Location: Forage-animal Production ResearchTitle: Isoflavone containing legumes mitigate ergot alkaloid-induced vasoconstriction in goats (Capra hircus)
|GOODMAN, JACK - University Of Kentucky|
|JI, HUIHUA - University Of Kentucky|
|AIKEN, GLEN - University Of Florida|
Submitted to: Animals
Publication Type: Peer Reviewed Journal
Publication Acceptance Date: 3/15/2022
Publication Date: 3/17/2022
Citation: Harlow, B.E., Flythe, M.D., Goodman, J.P., Ji, H., Aiken, G.E. 2022. Isoflavone containing legumes mitigate ergot alkaloid-induced vasoconstriction in goats (Capra hircus). Animals. 12(6). Article 750. https://doi.org/10.3390/ani12060750.

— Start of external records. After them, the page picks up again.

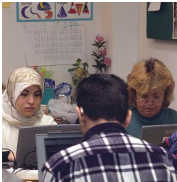
Μαθήματα εκμάθησης γλώσσας για μετανάστες στη Βιέννη (Αυστρία).

Ο Χάρτης πορείας αναγνωρίζει τη διάσταση του φύλου σε θέματα υγείας και καταπολέμησης της φτώχειας. Τα προγράμματα των Διαρθρωτικών Ταμείων μπορούν να συμβάλουν σε μεγάλο βαθμό στην ενθάρρυνση των δραστηριοτήτων περιφερειακής ανάπτυξης που λαμβάνουν υπόψη τις ανάγκες των γυναικών και των ανδρών, προωθώντας την ισότητα μεταξύ γυναικών και ανδρών στο πλαίσιο των στρατηγικών αειφόρου ανάπτυξης, τοπικής οικονομικής ανάπτυξης και αναζωογόνησης των περιοχών. Είναι γνωστό ότι οι περισσότεροι αποδέκτες κοινωνικών επιδομάτων είναι γυναίκες και οι μονογονεϊκές οικογένειες και οι μεμονωμένοι συνταξιούχοι είναι ιδιαίτερα ευάλωτοι στη φτώχεια. Ανταποκρινόμενα καλύτερα στην ανάγκη συμφιλίωσης της επαγγελματικής, ιδιωτικής και οικογενειακής ζωής, πολλά σχέδια προτείνουν πλέον την παροχή στήριξης και ευέλικτα ωράρια για την επαγγελματική κατάρτιση, παρέχοντας άμεσα υποδομές φύλαξης παιδιών και φροντίδας εξαρτώμενων ατόμων ή διευκολύνοντας την πρόσβαση σε παρόμοιες υποδομές.
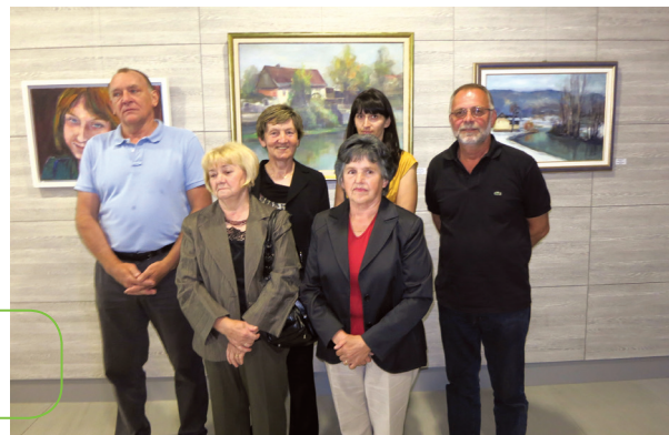
Razstava članov likovne sekcije v Straži (2014)

Novembra so člani izpeljali organizacijo slikarske razstave ULAK iz Karlovca, z naslovom KUPA – KOLPA ART. Skupinska razstava članov likovne sekcije v domači občini je bila izpeljana decembra, ob izvedbi 15. koncerta MePZ v KKC z naslovom Zimske podobe.
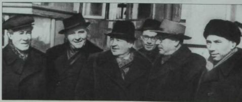
Ярты гасыр элек төшерелгән фоторәсем. Сулдан уңга: Хәсән Туфан, Габдрахман Минский, Нәкый Исәнбәт, Шәүкәт Галиев, Әмирхан Еники, Әнвәр Давыдов. 1965 ел.
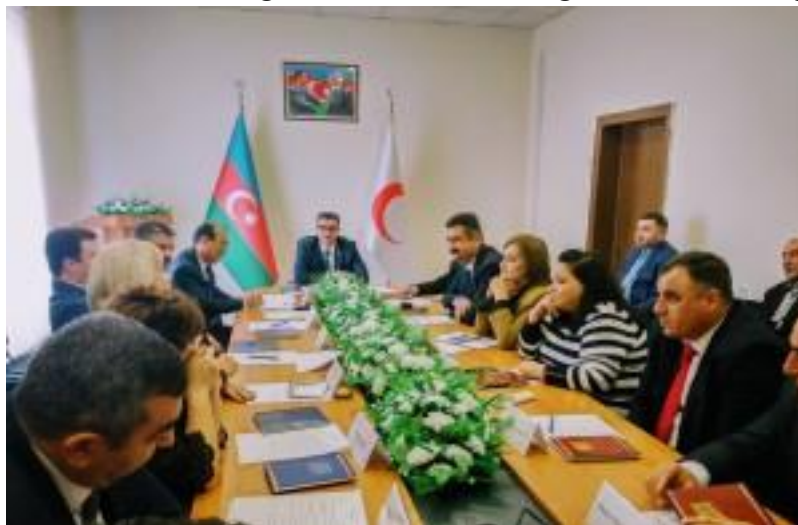
Regional Mərkəz və yerli bölmələrlə iş

İstər yerli, istərsə də beynəlxalq səviyyədə hər bir atılan xeyirxah addım əvəz olunmazdır. Azərbaycan Qızıl Aypara Cəmiyyəti növbəti illərdə də öz mandat və missiyasına uyğun olaraq, gücünü səfərbər edərək humanitar fəaliyyətini davam etdirməyə hazırdır. Yaxın gələcəkdə fondların artırılması istiqamətdə fəaliyyətlərimizi genişləndirməklə həm yerli həm də beynəlxalq səviyyədə Beynəlxalq Qızıl Xaç və Qızıl Aypara Cəmiyyətləri Federasiyasının çağırışlarına cavab verməklə humanitar layihələrimizin sayını yüksəltmək tərəfimizdən hədəflənmişdir. Qeyd edilən fəaliyyətləri gücləndirmək və yardımlarımızın sayını və əhatə dairəsini genişləndirmək əzmindəyik. Bu xeyirxah missiyamızı həyata keçirməkdə bizə yardımcı və köməkçi olan hər kəsə minnətdarlığımızı bildirir, onlara uğurlar və müvəffəqiyyətlər arzulayıram.

Interpretive Summary: Tall fescue is the most prevalent cool-season perennial grass in the United States. Most tall fescue is infected by a fungal endophyte that can produce toxic alkaloids. When these toxins are consumed by grazing livestock, they cause persistent vasoconstriction resulting in fescue toxicosis. A variety of legumes are conventionally utilized in livestock production systems including red clover, white clover, and soybean to improve diet diversity and quality. In addition to their utility as protein supplements, legumes contain vasodilatory phytochemicals called isoflavones that have been shown to alleviate fescue toxicosis in goats and grazing cattle. Different legumes contain varying levels and types of isoflavones. A pen study was conducted to determine if isoflavone supplementation via red clover, white clover, or soybean meal can mitigate vasoconstriction associated with fescue toxicosis in wether goats. Rumen fistulated wether goats were assigned to either a red clover, white clover, or soybean meal treatment at equal levels of supplementation. Goats were subjected to a fescue toxicosis challenge with toxic tall fescue seed and carotid artery area was monitored using color Doppler ultrasonography. All isoflavone treatments were able to partially mitigate vasoconstriction associated with fescue toxicosis, with red clover being the most effective. The results of this study demonstrate that red clover, white clover, and soybean meal supplementation can be used to mitigate the vasoconstriction associated with fescue toxicosis in goats despite vast differences in isoflavone concentration and composition. The impact of this research is a legume-derived phytochemical that can be applied in ruminants consuming toxic tall fescue to reverse fescue toxicosis and improve animal health and productivity.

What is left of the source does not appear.